ACTION ITEM: Before copying, find the line below that contains "Sandalia plana con"; then return it and all later lines exactly, up to and including the final line, with no pictures.

__________________________________________________

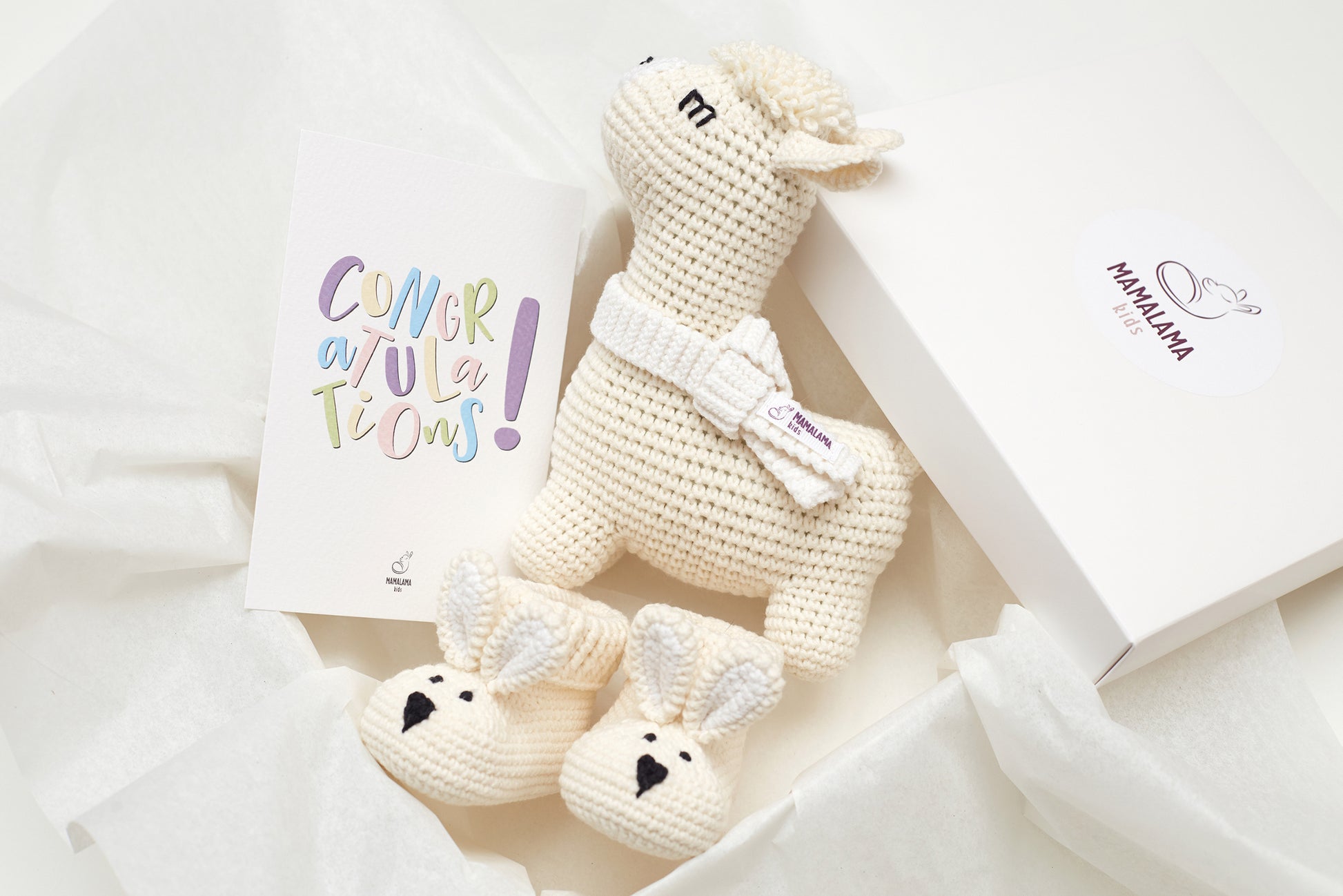 This is a gift box set which consists of a toy, booties, tissue paper, and a cute white box.
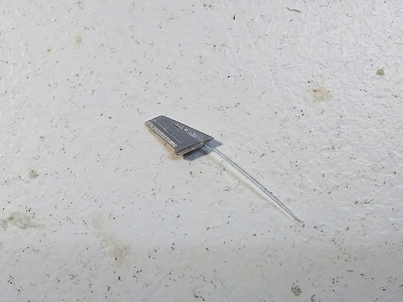 垂直尾翼を機体に取り付ける時にこの光ファイバーを差し込む穴も機体側に開けておく。※光ファイバの根元機体側にはLED緑が居る状態。これで、機体内部の緑光源が垂直尾翼の側面に出てくるようになる。
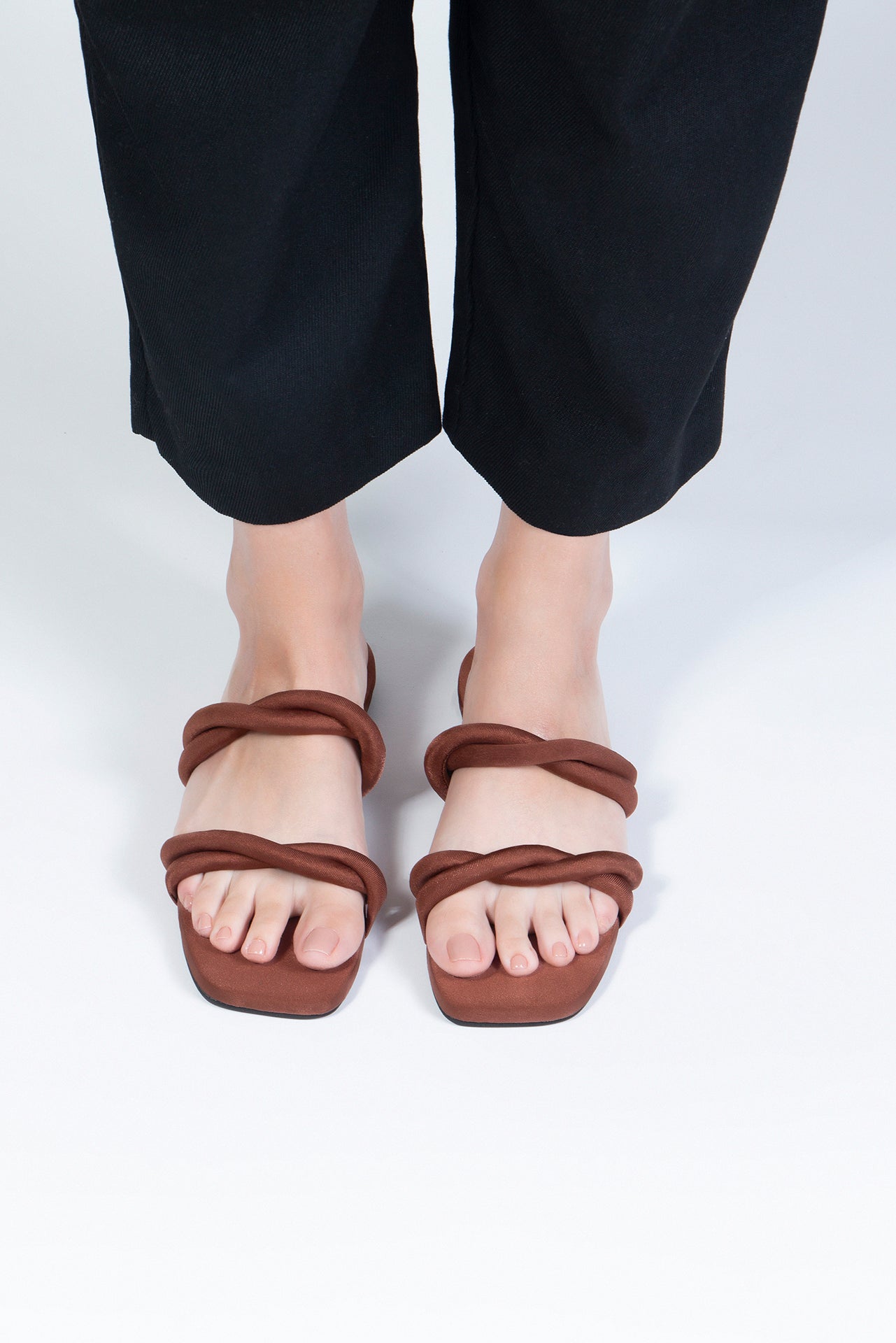 Sandalia plana con tiras entorchadas acolchadas en tela. Acabada en punta cuadrada. Tienen suela de goma flexible y son zapatos ultra livianos.
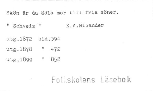 //// Skön är du ädla mor till fria söner. //// " Schveiz " K.A.Nicander //// utg.1872 sid.394 utg.1878 " 472 utg.1899 " 858 //// FcLskctans Läsebok
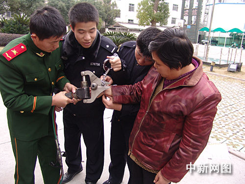 中新網(wǎng)溫嶺12月28日電(記者 柴燕菲 通訊員 陶文波 彭軍偉) 12月27日下午,溫嶺市新河派出所的民警帶著一位中年婦女來到溫嶺消防大隊(duì)救助,原來該中年婦女的右手腕被手拷牢牢拷住,民警用鑰匙以及其它方法嘗試都無法打開。最后,在大家齊心協(xié)力的幫助下,巧妙的利用手動(dòng)液壓剪、鉗子等方法成功解救出了手腕。
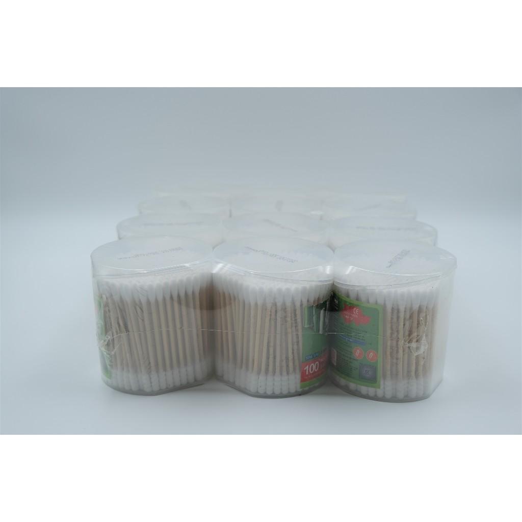 Tăm bông vệ sinh YUMY thân trúc – thiết kế hộp vát size L tiện lợi, dễ sử dụng và bảo quản. Đầu bông xoắn mềm mịn, không rụng sợi, an toàn cho da nhạy
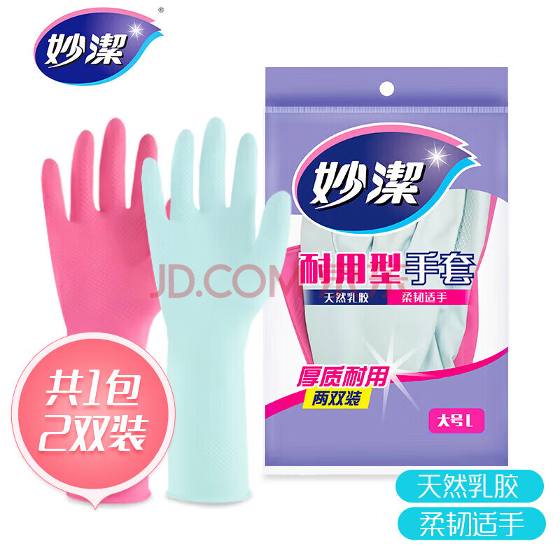 商品相册:妙洁耐用型手套 天然乳胶 2双装 大号L码 洗碗手套多款包装随机发货第
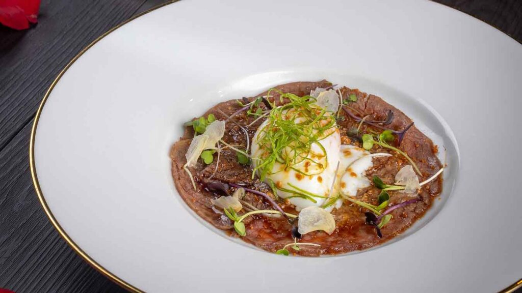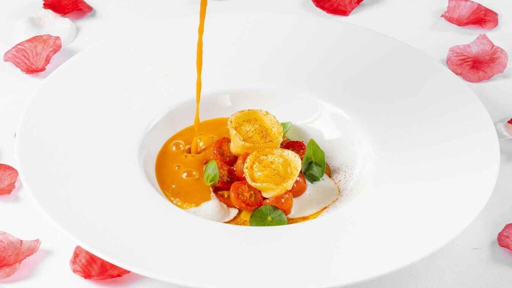 Crystal Dragon, one of the metro’s top restaurants for Cantonese cuisine, impresses with a four-course set menu available on February 14 for lunch and dinner. The menu starts with premium Ostra Regal Oyster with kaffir lime chili dressing served with foie gras toast with red wine vinaigrette reduction, which is followed by a rich and hearty soup of Alaskan King Crab Bisque with aromatic Szechuan mala oil.

__________________________________________________

TASK RESPONSE:
 Sandalia plana con tiras entorchadas acolchadas en tela. Acabada en punta cuadrada. Tienen suela de goma flexible y son zapatos ultra livianos.
 //// Skön är du ädla mor till fria söner. //// " Schveiz " K.A.Nicander //// utg.1872 sid.394 utg.1878 " 472 utg.1899 " 858 //// FcLskctans Läsebok
 中新網(wǎng)溫嶺12月28日電(記者 柴燕菲 通訊員 陶文波 彭軍偉) 12月27日下午,溫嶺市新河派出所的民警帶著一位中年婦女來到溫嶺消防大隊(duì)救助,原來該中年婦女的右手腕被手拷牢牢拷住,民警用鑰匙以及其它方法嘗試都無法打開。最后,在大家齊心協(xié)力的幫助下,巧妙的利用手動(dòng)液壓剪、鉗子等方法成功解救出了手腕。
 Tăm bông vệ sinh YUMY thân trúc – thiết kế hộp vát size L tiện lợi, dễ sử dụng và bảo quản. Đầu bông xoắn mềm mịn, không rụng sợi, an toàn cho da nhạy
 商品相册:妙洁耐用型手套 天然乳胶 2双装 大号L码 洗碗手套多款包装随机发货第
 Crystal Dragon, one of the metro’s top restaurants for Cantonese cuisine, impresses with a four-course set menu available on February 14 for lunch and dinner. The menu starts with premium Ostra Regal Oyster with kaffir lime chili dressing served with foie gras toast with red wine vinaigrette reduction, which is followed by a rich and hearty soup of Alaskan King Crab Bisque with aromatic Szechuan mala oil.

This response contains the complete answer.